Ambode and challenge of a megacity

Ambode

Ambode

TINUBU’s years of guerrilla warfare with the military during the period of pro-democracy struggle had schooled him in security matters. As governor of Lagos, Tinubu reorganised and renamed the existing state security outfit, Operation Sweep, set up by the previous military administration. This was done to divest it of its military orientation and disposition in order to make the state investor-friendly while not reducing the security effectiveness. He launched the new outfit on June 7, 1999 under the name – Rapid Response Squad.

The Rapid Response Squad could, however, not contain the sharp increase in violent crime in the state. The Police Force all along had been known to be afflicted with lack of necessary communication gadgets, poor firepower, and low staff morale, among other problems. This put a big road block in the realisation of Tinubu’s vision of a secured state.

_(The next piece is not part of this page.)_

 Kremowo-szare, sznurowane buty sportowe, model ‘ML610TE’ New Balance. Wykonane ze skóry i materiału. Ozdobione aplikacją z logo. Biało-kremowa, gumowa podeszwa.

Thus, the governor started a campaign for the establishment of state police force to combat crime in his domain. This quest was supported by the State Assembly, which passed a motion calling on the state governor to initiate steps towards the establishment of state police. The Assembly passed a vote of no confidence on the federal police system

However, the governor’s quest was entangled in constitutional bottleneck, and the government was in a quandary as to whether to unilaterally declare a state police force or go through the long tortuous journey of the stringent constitutional demands. In the governor’s preliminary proposal on it, there was indication of readiness to recruit and pay the salaries of 10,000 – 20,000 policemen into the Nigeria Police Force. But these lots would serve the state government.

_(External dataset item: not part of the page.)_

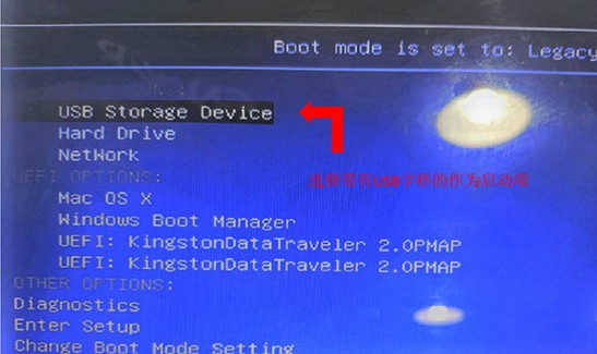 2、重启电脑,出现开机画面时,通过U盘启动快捷键进入启动设置界面,选中U盘,回车就可以进入大白菜winpe 界面。

This did not go down well with federal authorities and, of course, the constitutional provision made it almost impossible to have a state police. While this debate was going on, the security situation in the state got increasingly worse, and a personal attack on Governor Tinubu indicated that it had completely got out of hand.

On the long run, Tinubu managed to keep the state safe and secure through a dexterous grassroots approach, carrying along the various segments of the society. He instituted what was then known as neighbourhood watch, a statewide vigilante group that complemented the efforts of the regular security agencies.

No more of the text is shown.